The cult of Prince Saint Lazar developed after 1389 in a specific historical moment10. As a consequence of the catastrophic Serb defeat the Orthodox monks living in Serbian monasteries, learning from the history of the Jewish people of the Old Testament and from the example of Bulgarian statehood that had fallen victim of the Ottoman conquest, decided not to leave the survival of the Serb people, culture and writing to chance, but to consciously wait for dispersion (life without an autonomous state) and even prepare the people for that condition. So far only members of the Nemanja dynasty, the nobility and the monks had known about the rulers’ biographies mentioned above, since originally they were the targeted audience of that literary genre (the people as such had never been mentioned by the authors when presenting the life of different rulers), therefore its impact on shaping identity could be felt only among them. After the extinction of the dynasty and the lost battle an opportunity opened up for changing this tendency. The cult of Saint Lazar seemed to be suitable for refreshing historical consciousness among the nobles and the monks and to make it present among the people in general. In fact the respect of a holy monarch makes it possible for a society to identify with the cult figure and the projected values. The cult unfolding among the monks along River Morava could squeeze out any other competing trend; in this case the ecclesiastic communities did not only play the role of transmitting, but also of creating tradition. In addition to religious elements they preserved the ideas and norms of the monarchist Serb society at a moment, when Serbia fell and the Ottoman conquest took place. The lost battle of Ankara provided useful decades in the early 15th century to the unique development and spreading of the cult.
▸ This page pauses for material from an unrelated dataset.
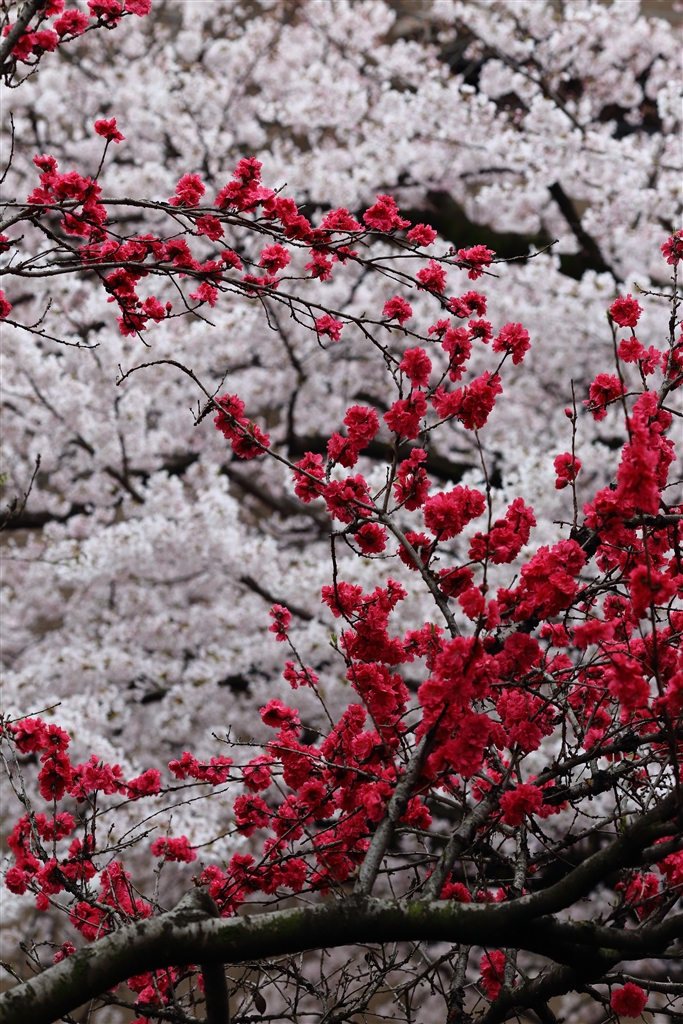 前がハナモモ、後ろがソメイヨシノ。
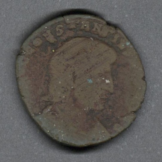 | Moneda de bronce acuñada en la ceca de Constantinopla, actual Estambul en Turquía |

The monastic communities evoking the memory of Lazar did not follow the schemes of the Old Serb biographies of rulers in every respect. This time the biographers themselves were not members of the ruling dynasty, neither the monks of monasteries founded by the ruling dynasty. The new-type biographies this time were not primarily addressed to the religious and secular elite but to lay society in general. Thus they created and confirmed the bases of collective memory at the moment of dispersion. In the cult Prince Lazar, following the biographies of the Nemanjids, represented the heroes of the Old Testament in the modern age: he was Abraham, Jacob, Moses, Joshua, etc. Thus his personality became part of a mythic unity with “his people”. It is a novelty, however, that parallels from the New Testament are also added to him: he dies as a holy warrior and a martyr ruler. Similarly to Christ he sacrifices his life for the country, for Serbia; he suffers death as a human being, a man, a father, a husband, a commander, a ruler and protector. His death, however, does not mean the victory of descent but that of faith. It derives from the mythic unity between Prince Lazar and the people that the people themselves, who are just as important actors in the new cult as the Prince, are also martyred for the Christian faith. Hence the history of Serbia obtains a new sense: since everything happened according to God’s will, the history of the Serbs became a history of salvation. The Serb people became the new Israel, the chosen people and they had to endure those scourges of destiny so that they may once experience redemption in keeping with the parallels in the Old and New Testaments. This is why the battle of Kosovo Polje became important in the life of the people: remembrance and the cult of the heroic Prince helped endure and cope with the loss of the state and the Ottoman conquest, and at the same time it also offered hope as to the future. And hope had simultaneously become a political and religious expectation.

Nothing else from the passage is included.